Thursday, October 26, 2006

Human Help

I live in a bubble. As I’m here for work, I have found that my life so far has been conducted within the confines of a corporate environment. I am still at the hotel - which is situated, along with my office, in a huge business park. The only available lunch and dinner options are those found in the food courts within the park. Globalisation’s hard at work here and is championed by Subway, Baskin & Robbins, Pizza Hut and the ubiquitous golden arches. My case work has prohibited me from exploring beyond the bubble.

There are a few things, though, which remind me that I am, in fact, in India. To begin with my office has a peculiar amenity called ‘pantry’. This is a euphemism for the superfluity of waiting labour here to fulfil any need the professional staff may have. Food (both purchase and preparation), laundry and any other menial tasks can be left to these guys and can be taken care of without leaving your seat. Another effect of the oversupply of cheap labour can be seen in the extreme cleanliness of everything. Hundreds of people are forever hurrying around with an assortment of cleaning weaponry, eager to buff the wall you just leant against. There’s even a whole team that pulled the short straw for cleaning detail as they’re permanently stationed in the john. You’re never alone in India…

The other ever-present reminder is the different worlds people live in. There is the bubble-like existence I’ve been plugged into, and then there is the impoverishment that exists on the doorstep of my office building. Every morning I drive by families washing themselves in the run-off from construction sites, who live on the side of the road in shelters made from rubbish. Perversely, India’s catatonic environmental awareness is perhaps the chief reason why the destitute have any available building materials.

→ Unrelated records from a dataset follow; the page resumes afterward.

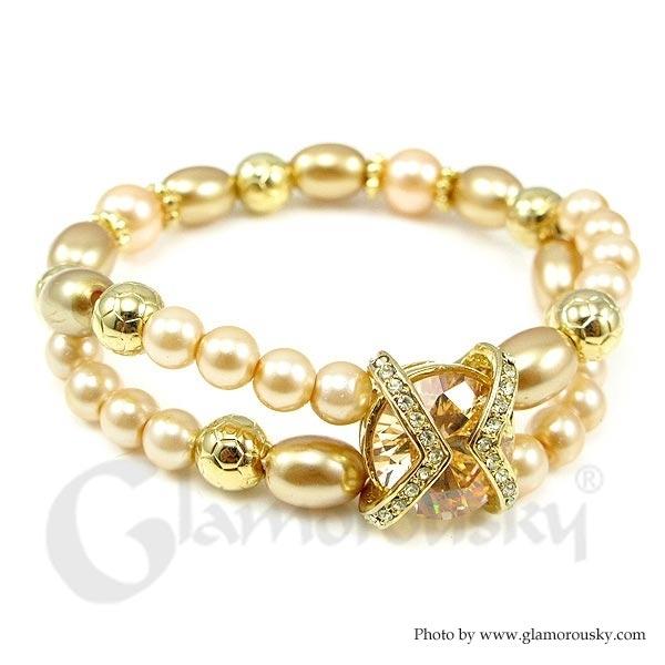 Fancy Fashion Pearl Bracelet with Gold Austrian Element Crystal
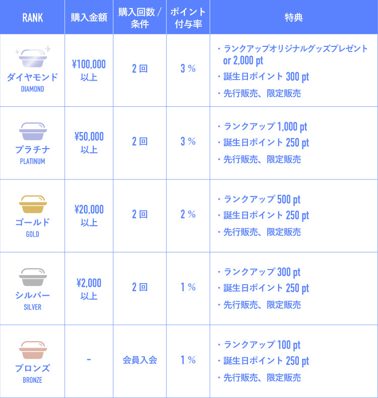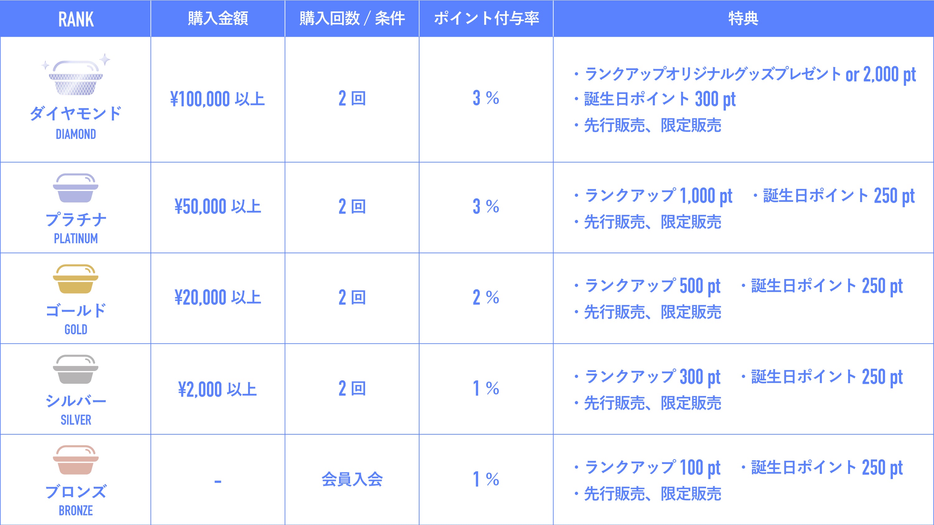 ・年度(12月1日~11月30日の1年間)の購入金額および購入回数に応じて会員ランクが決まります
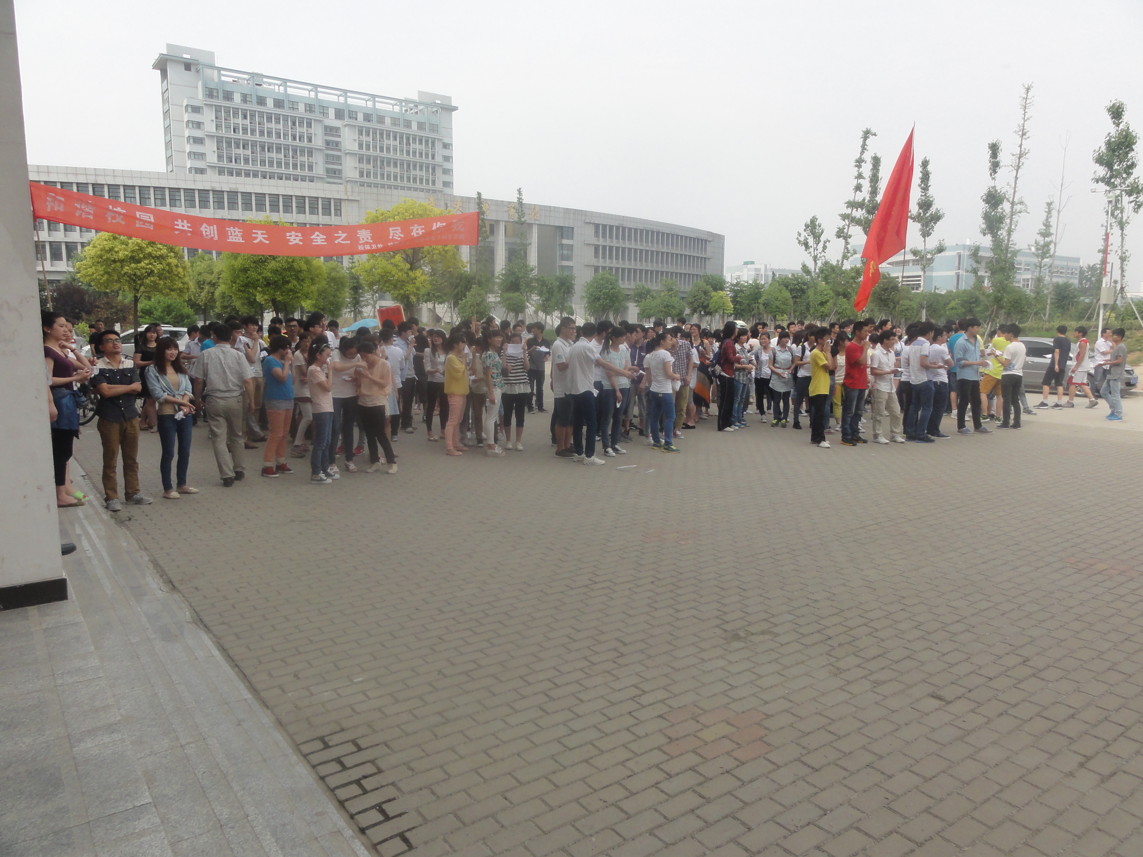 为进一步加强广大师生防灾减灾意识,提高应对突发事件及逃生自救能力, 5月28日,物理与电子科学学院联合校保卫处和学生处在实验C楼开展了消防、防震紧急疏散及消防器材使用演练,阜阳市地震局业务科科长
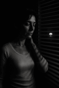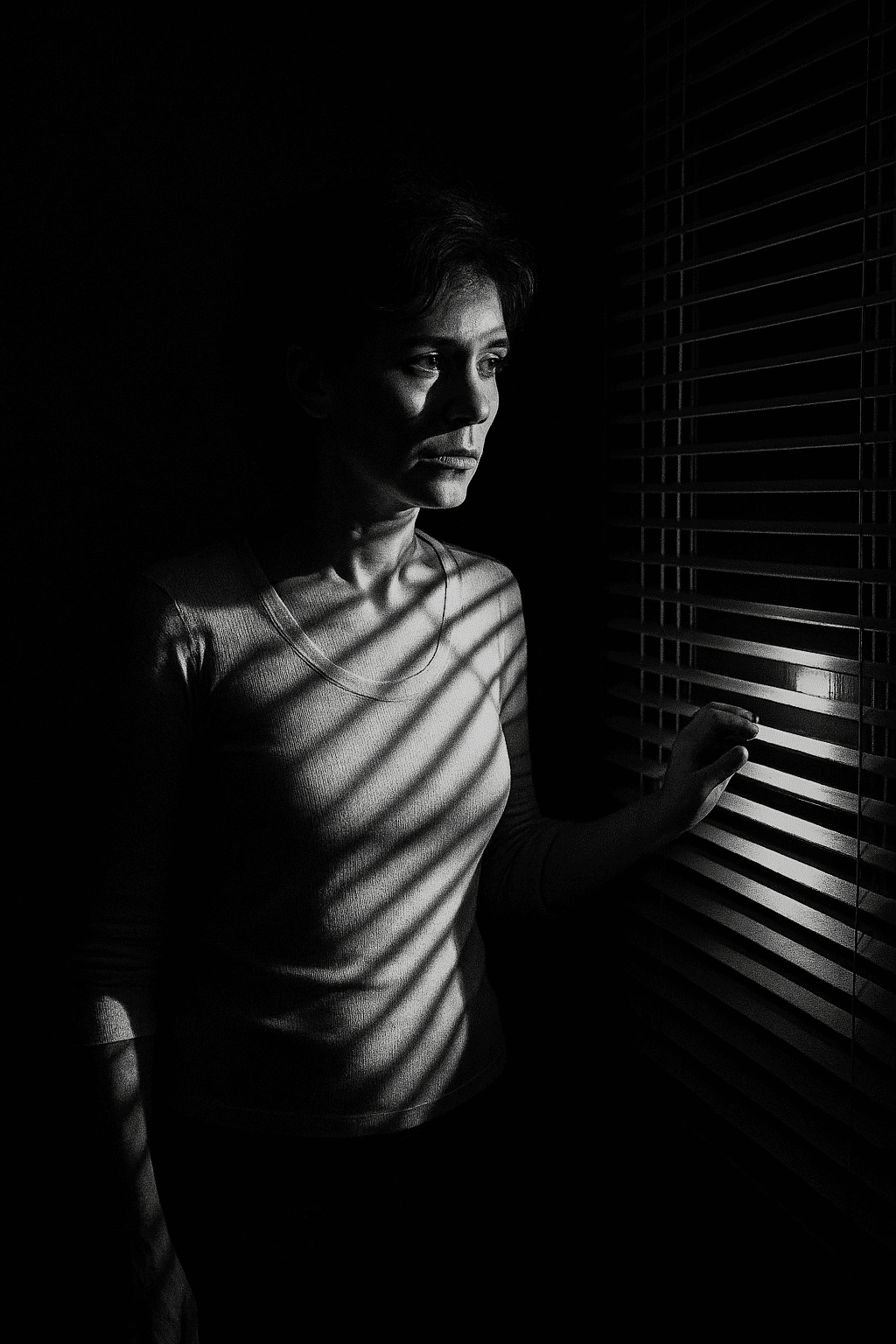 Same model as before. Now the woman stands in front of a window with blinds in her apartment. It's night. lamppost light shines through the blinds onto her face. The room is dark. 35mm camera lens, f/5.6 focus on blinds
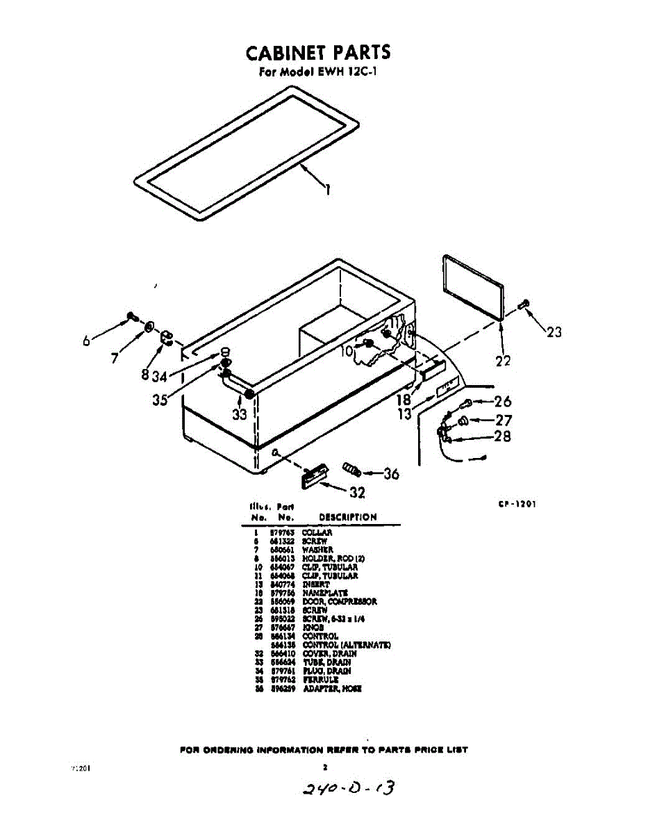 Parts for Whirlpool EWH12C1: 02 - Section Parts
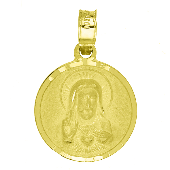 Religious yellow casted medal which can be made in 10k, 14k, 18k and 21k fine gold. On it, you get to choose your preferenced image wheter it be The Sacred Heart or Guadalupe.
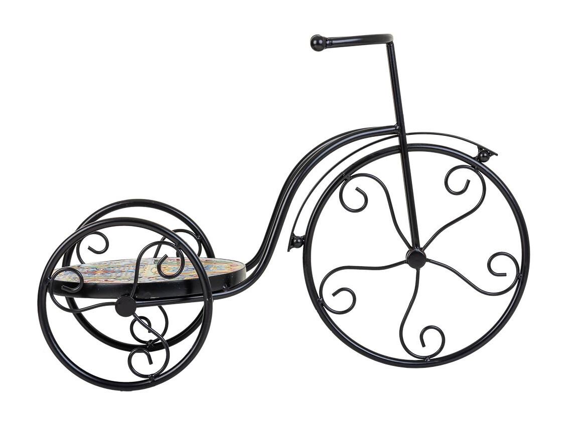 Support de pot de fleurs vélo en mosaïque et métal noir 53x23.5x36h

I expect all this to change soon as Bobby, Prameet (another Sydney ex-pat) and I will be moving into a house next week in trendy Vasant Vihar, in South Delhi. Many of the other ex-pats have commended us on escaping Gurgaon, as they have all grown tired of living in a corporate wasteland. Despite the attractive suburb, the hour long morning commute we will be enduring is a hurdle they’re not willing to jump.

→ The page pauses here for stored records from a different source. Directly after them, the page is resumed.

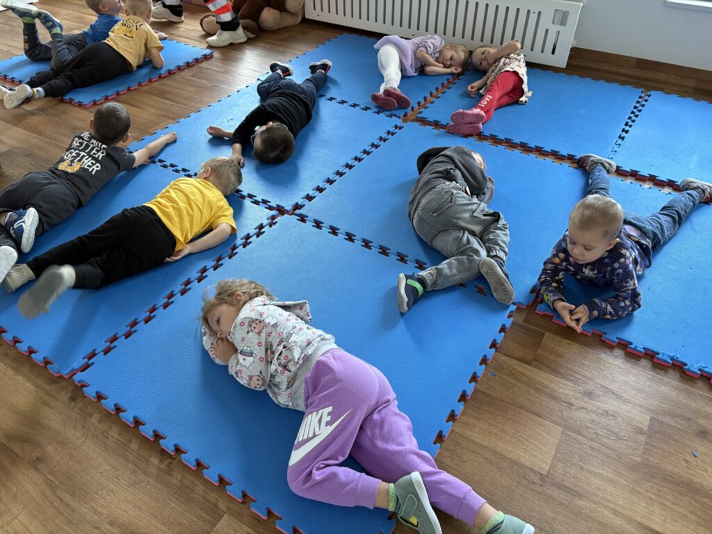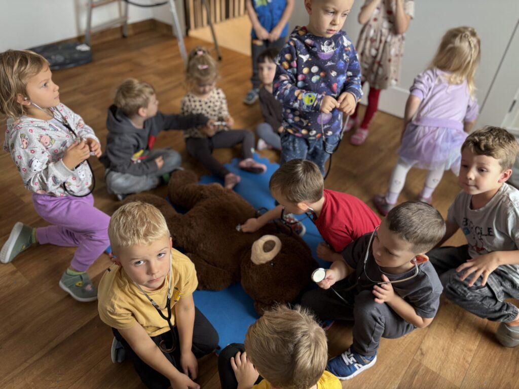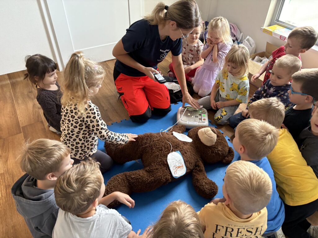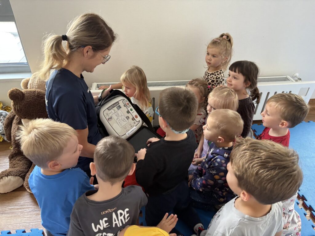 Na zajęciach przedszkolaki dowiedziały się do czego służy defibrylator, jak wygląda pozycja boczna ustalona oraz miały okazję posłuchać bicia serca.
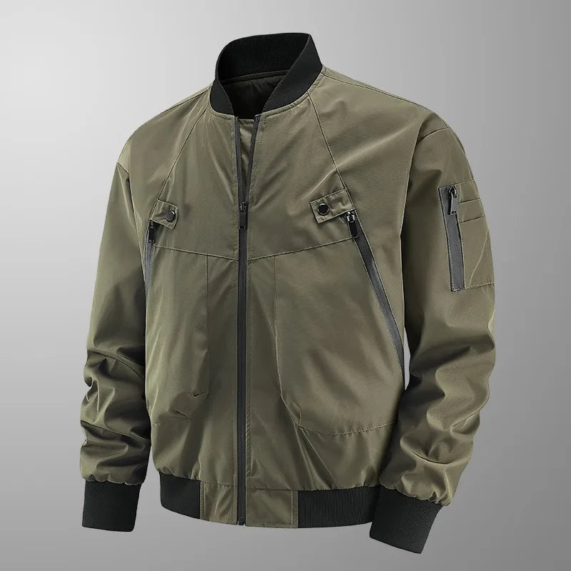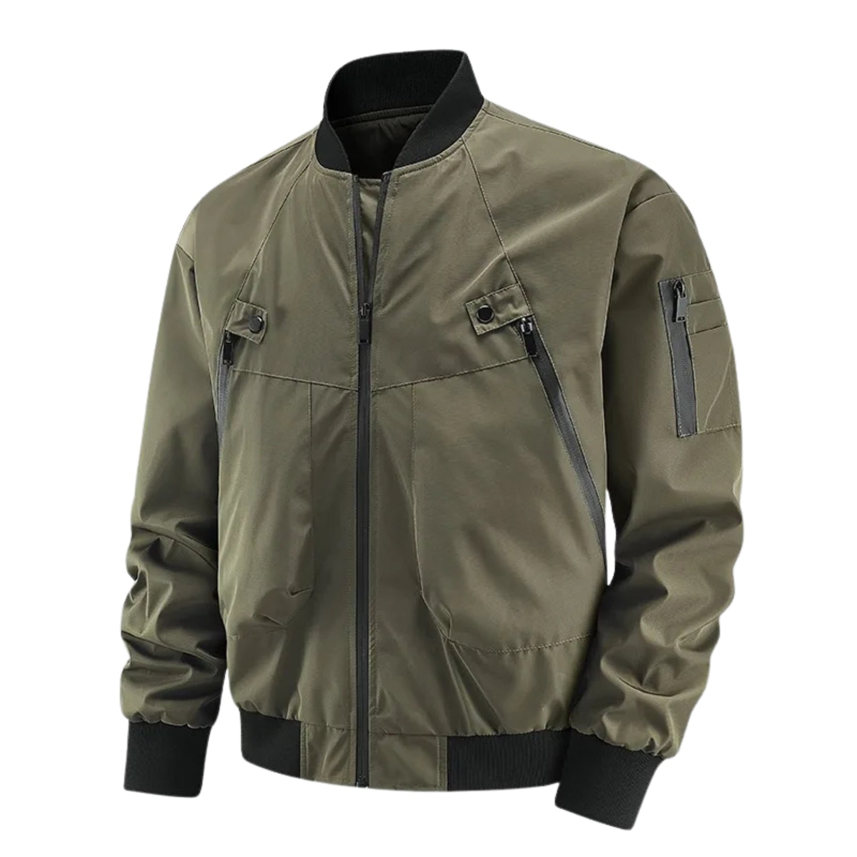 Voeg een stoere touch toe aan je outfit met deze kaki bomberjack. De diagonale ritsdetails op de borst en de zak op de mouw geven de jas een utility look, terwijl de elastische boorden zorgen voor een comfortabele pasvorm. Perfect voor het voorjaar en de herfst.
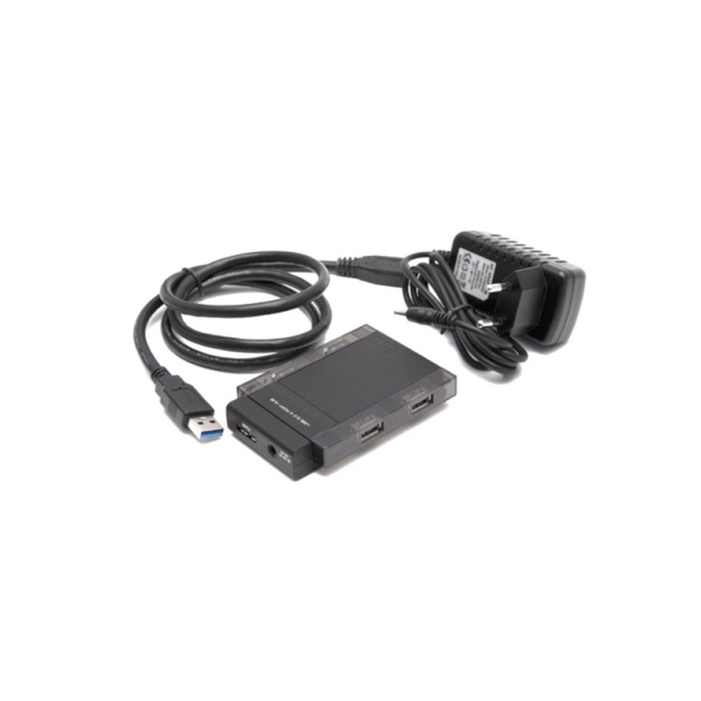 Расширитель USB, Deluxe, DUH4006BK, 4 Порта, USB 3.0 Hi-Speed, Дополнительное питание, Чёрно-Серый

Hopefully this commute will be made much more entertaining by Pritam, my new driver. For the first couple of days I was in the chauffeured care of Vijay, who I’d estimated to be one hundred years old. The problem was he seemed to drive like he wanted to last another hundred. In the cut throat world of Indian automotive travel I’ve discovered that one needs to drive like a hellcat just to get from A to B. Additionally, we had a language barrier that made many trips to and from work frustrating and repetitive. I’m afraid to say that this barrier also meant Vijay sat in the car all day outside my office as I couldn’t get it across that I didn’t need him to wait for me while I was at work. The poor man ended up sitting in his car for about 16 hours until I left the office to finally meet him. My colleagues have told me that drivers are used to waiting, and have pointed out that they are at their employer’s beck and call 24 hours a day. That said, Vijay has a family so regardless of his job I’m sure he would rather spend time with them than sleep in a car in a business park.

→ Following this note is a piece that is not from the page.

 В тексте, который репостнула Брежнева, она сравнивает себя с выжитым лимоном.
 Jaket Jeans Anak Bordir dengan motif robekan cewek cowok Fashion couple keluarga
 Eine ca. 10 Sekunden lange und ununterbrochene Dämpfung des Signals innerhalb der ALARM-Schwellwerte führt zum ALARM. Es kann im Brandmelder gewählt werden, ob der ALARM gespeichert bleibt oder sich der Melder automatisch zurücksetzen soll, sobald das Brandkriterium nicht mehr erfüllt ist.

Pritam, on the other hand, does not need to be told twice that his services will not be needed until called upon. He has an excellent grasp of English that one could be forgiven for thinking was acquired from television commercials. Pritam’s an excitable man who floods the car with spurts of jocularity and extremely personal inquiry. Much of his conversation is peppered with enriching terms of speech such as “no doubt about it” and “you better believe it”. He is also insane in his interest of cricket – even for and Indian. As soon as he discovered that I am Australian he besieged me with an incredible command of cricket statistics. I started to panic when he almost managed to settle himself next to me in the back seat to talk cricket while he was driving. Once I’d calibrated my nervous system to better handle his company I was extremely pleased. I’d found my hellcat.


Interesting discoveries:

  • My office fridge is stocked with cardamom and rose flavoured milkshakes – they’re actually very good
  • Indian men hold hands as a sign of friendship
  • As an ice-breaker, Indians will typically ask whether you are married, and will always follow up with ‘why not?’
  • Last Sunday I visited the Red Fort, which is possibly the largest red thing on the planet after Ayers Rock
  • Indians defiantly refer to Mumbai as Bombay

Administrative facts:

  • Curries consumed so far: 5 (including one for breakfast)
  • Gurgaon (where I work) is one of India’s special economic zones – being an area dedicated, politically, to accelerating export commerce
  • Equivalent cost of a standard lunchtime meal: ~$2. This is grossly inflated as the food courts know they’ve got a captive ex-pat market

Song of the moment:

Venus, by Air.

An apt soundtrack for my drive to work.